45 - `Page21`: `(page(S+A) - page(P))` must fit in signed 33 bits (21 bits × 4 KiB scale). In practice, always satisfiable on macOS.
46 - `PageOff12`: always fits by construction.
47 - `Unsigned`: wraps silently.
48
49 ### 5. Subtractor + Unsigned pair
50 A `RelocKind::Subtractor` entry carries both the minuend and subtrahend. Formula: `target = minuend.addr + minuend_addend - (subtrahend.addr + subtrahend_addend)`. Write as u32 or u64 depending on length. afs-as uses this for `.quad _a - _b` and for CIE offset diff in `__eh_frame`.
51
52 ### 6. PC vs atom address
53 `P` is the address of the relocated 4-byte instruction, `atom.addr + reloc.offset`. `P` for an `Unsigned` reloc still evaluates even when `pcrel=false`; the formula just doesn't use it. A wrong `P` is the most common reloc bug — unit test every kind against a hand-computed value.
54
55 ### 7. Error reporting
56 Every failed reloc cites the originating input + atom + offset + kind + referent. No panics.
57
58 ### 8. Defer: GOT and TLVP
59 `GOT_LOAD_PAGE21`, `GOT_LOAD_PAGEOFF12`, `POINTER_TO_GOT`, `TLVP_LOAD_*` — Sprint 12 and Sprint 13 allocate the synthetic sections and wire them. This sprint emits a clear "not yet implemented" error if encountered.
60
61 ## Testing Strategy
62 - Unit test each kind with hand-computed encodings cross-checked against ARM ARM and `otool -tv` disassembly.

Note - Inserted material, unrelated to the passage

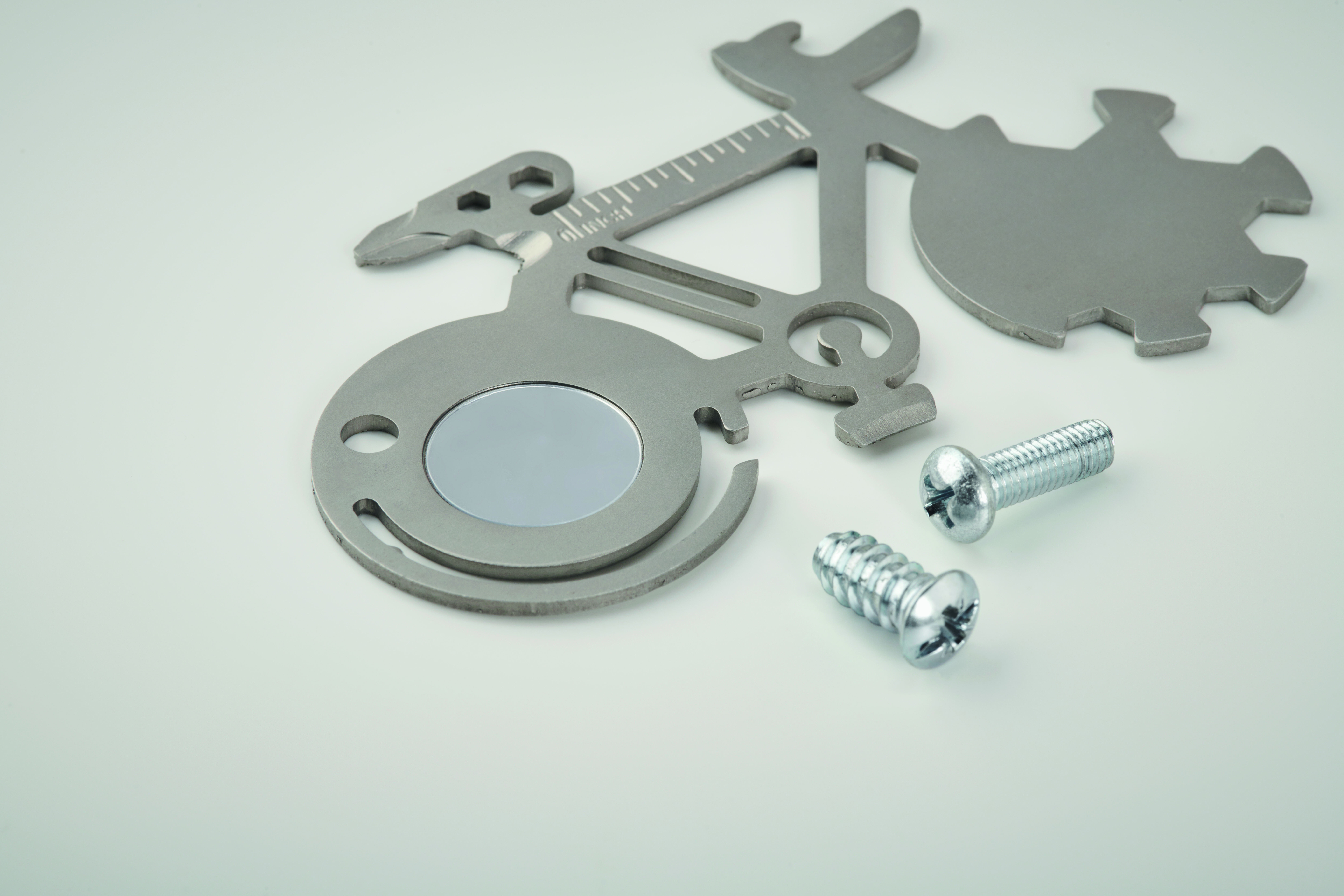 Multi-tool, narzędzie wielofunkcyjne 11 w 1 w kształcie roweru ze stali nierdzewnej. Od otwieracza do butelek, przez nóż, linijkę aż po narzędzia typu śrubokręt krzyżakowy.

63 - Differential: identical inputs through `ld` and afs-ld produce the same patched bytes (within allowed-diff categories from Sprint 0's harness).

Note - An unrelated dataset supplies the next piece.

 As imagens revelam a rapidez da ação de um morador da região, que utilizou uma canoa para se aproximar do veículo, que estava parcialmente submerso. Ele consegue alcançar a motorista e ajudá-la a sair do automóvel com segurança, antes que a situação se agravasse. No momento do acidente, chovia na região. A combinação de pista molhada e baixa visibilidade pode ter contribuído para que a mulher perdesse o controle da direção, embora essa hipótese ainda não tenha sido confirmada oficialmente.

64 - Corner cases: max-negative branch, wrap-around UNSIGNED addend, SUBTRACTOR across sections, SUBTRACTOR within same section.

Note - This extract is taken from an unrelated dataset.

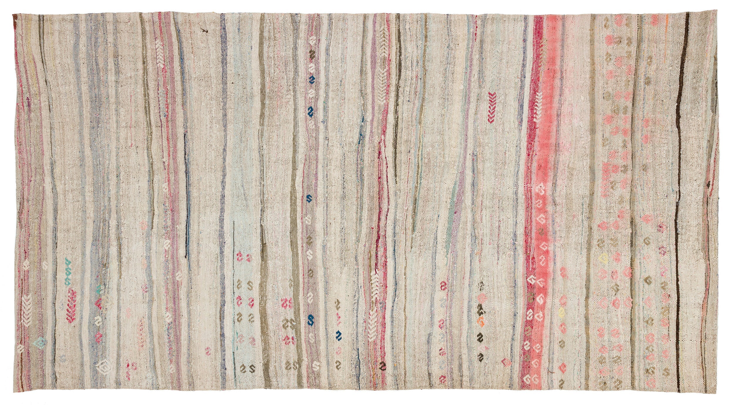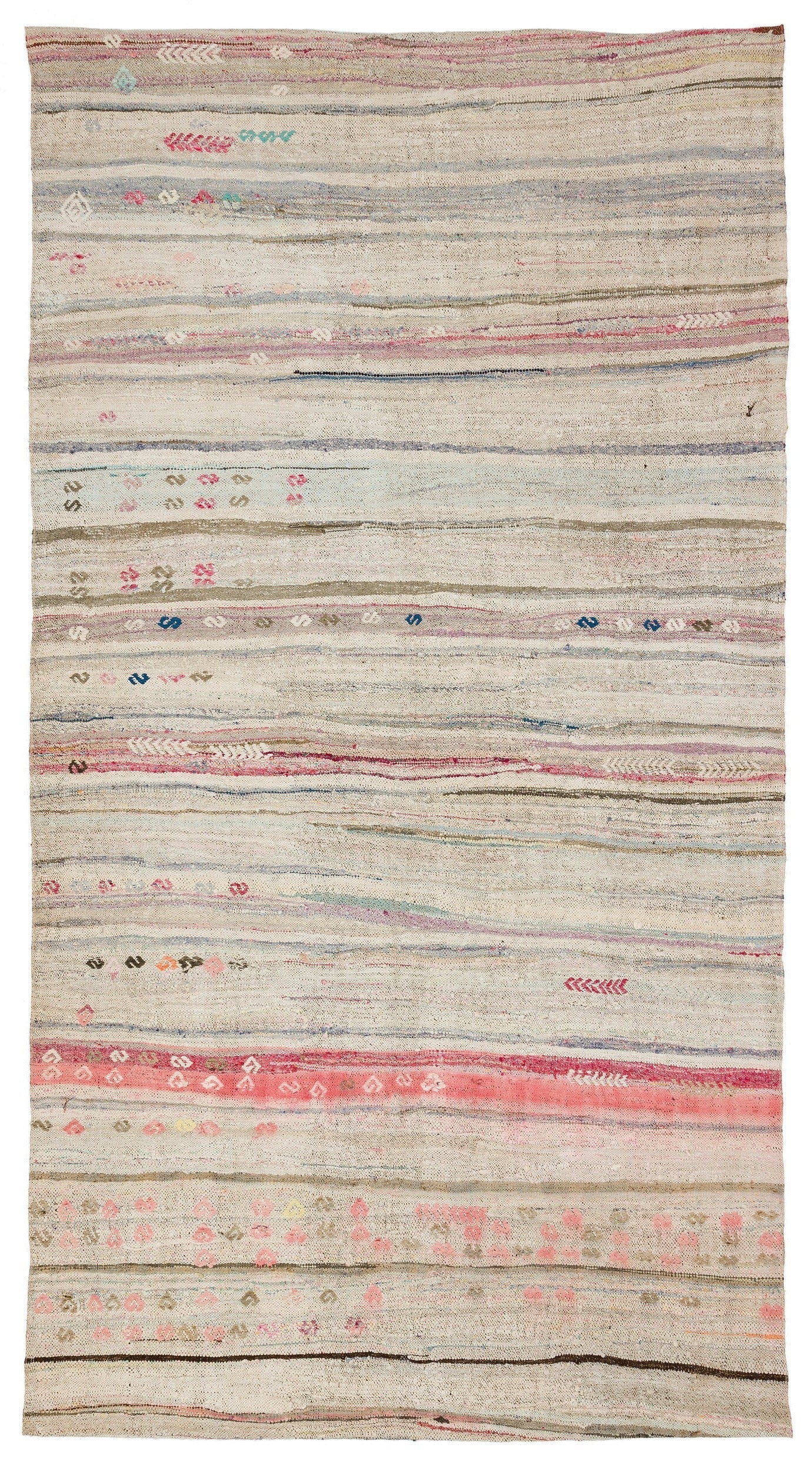Girit Beige Striped Wool Handmade Area Rug 4'10" x 8'11"

65 - Regression fixture: a tiny `.o` that exercises every kind covered in this sprint.
66
67 ## Definition of Done
68 - All covered reloc kinds apply correctly against a corpus of fixtures.
69 - Out-of-range BRANCH26 emits an actionable error.
70 - Differential pass: 10+ fixtures link to byte-identical `__text` under afs-ld and `ld`.
71 - GOT/TLVP kinds emit "not yet implemented" errors with a pointer to Sprints 12/13.